— TASK TO COMPLETE —
Quote all of the data exactly as given. Skip every picture it contains.

— SUPPLIED INFORMATION —
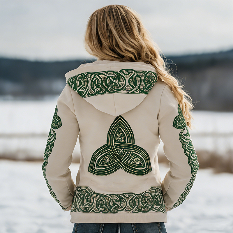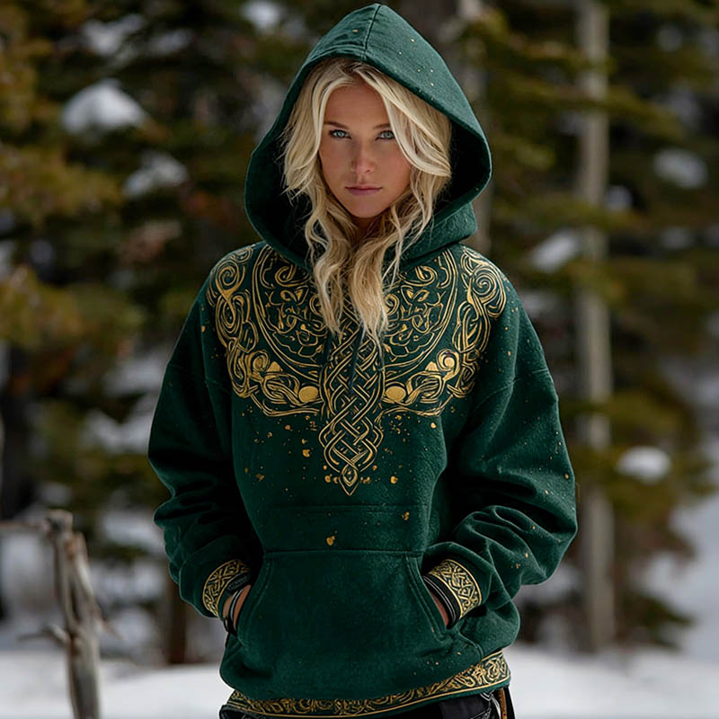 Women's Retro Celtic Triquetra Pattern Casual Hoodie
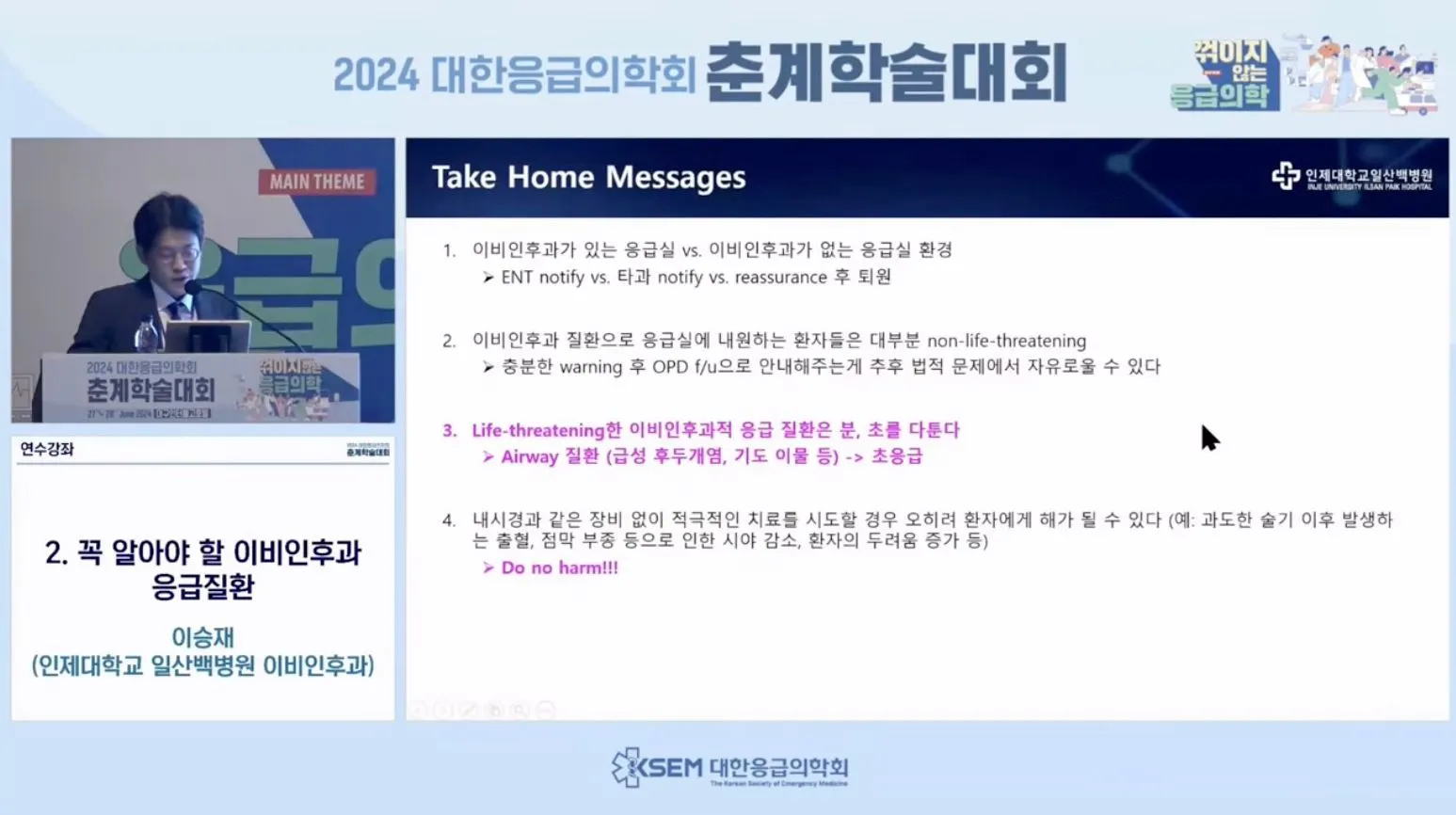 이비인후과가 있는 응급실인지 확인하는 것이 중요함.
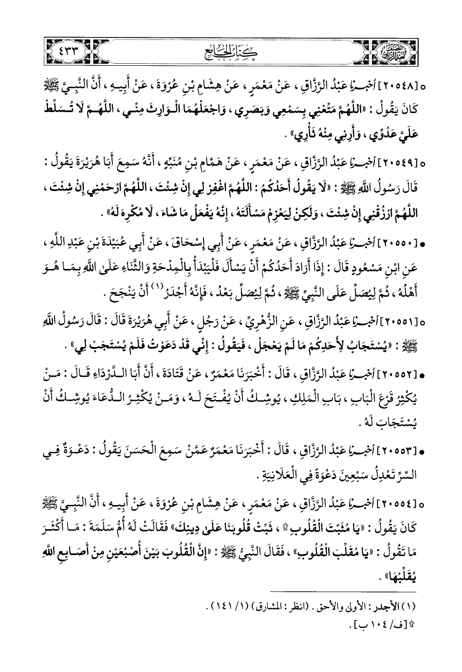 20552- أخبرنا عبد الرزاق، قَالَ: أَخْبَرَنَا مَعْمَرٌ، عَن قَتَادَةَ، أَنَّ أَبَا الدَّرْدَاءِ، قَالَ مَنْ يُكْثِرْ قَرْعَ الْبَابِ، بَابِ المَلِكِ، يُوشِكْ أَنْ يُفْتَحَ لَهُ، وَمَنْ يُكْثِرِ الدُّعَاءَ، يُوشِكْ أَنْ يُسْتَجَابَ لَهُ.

— RESPONSE TO THE EXERCISE —
 Women's Retro Celtic Triquetra Pattern Casual Hoodie
 이비인후과가 있는 응급실인지 확인하는 것이 중요함.
 20552- أخبرنا عبد الرزاق، قَالَ: أَخْبَرَنَا مَعْمَرٌ، عَن قَتَادَةَ، أَنَّ أَبَا الدَّرْدَاءِ، قَالَ مَنْ يُكْثِرْ قَرْعَ الْبَابِ، بَابِ المَلِكِ، يُوشِكْ أَنْ يُفْتَحَ لَهُ، وَمَنْ يُكْثِرِ الدُّعَاءَ، يُوشِكْ أَنْ يُسْتَجَابَ لَهُ.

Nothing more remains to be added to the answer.